No caso da intermediação de verbas no poderoso Fundo Nacional de Desenvolvimento da Educação de Base (Fundeb), as investigações da Polícia Federal, acionadas pelo Ministério Público de Alagoas, encontraram em um cofre do ex-assessor de Lira, o também alagoano Luciano Cavalcante, R$ 4,4 milhões em reais e dólar. Luciano Cavalcante é investigado como um dos elos da venda superfaturada de kits de robótica a prefeituras de Alagoas, com desvios estimados em R$ 8,1 milhões. Na ocasião, Lira ficou tão aborrecido, que cobrou do ministro da Justiça e Segurança Pública, Flávio Dino, a quem está subordinada a PF, explicação para a “batida” policial contra aliado próximo. O ministro disse que não sabia das diligências, requisitadas pelo MP de Alagoas e autorizadas por Juiz Federal local. Contrariado, Lira fingiu aceitar.

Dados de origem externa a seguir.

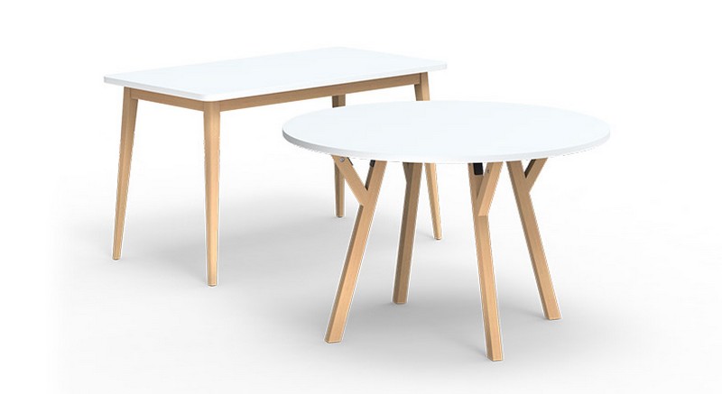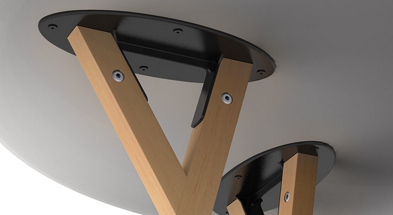 Mesa polivalente con estructura de madera.

Agora, uma investigação publicada pela “Folha de S. Paulo”, na sexta-feira, desvenda outra ponta de atuação do clã Lira: no Ministério da Saúde, bingo! Um filho de Lira (Arhur Lira Filho, de apenas 23 anos) e uma filha de Cavalcante (Maria Cavalcante, de 25) são sócios numa bem-sucedida empresa, a Omnia 360, que negocia com agências de publicidade contratadas pelo governo federal a distribuição de campanhas para veículos de mídia, como outdoors ou internet. Segundo a “Folha”, as empresas de mídia que a Omnia representa receberam cerca de R$ 6,5 milhões em campanhas publicitárias do Ministério da Saúde (até 2022). O site “Metrópoles” informa que foram R$ 34 milhões nos últimos dois anos. Mais uma vez, Lira recorreu à distinção do CPF e diz que nada tem a ver com os negócios do filho nem com os de Cavalcante. Esse talento para negócios, o filho herdou de quem?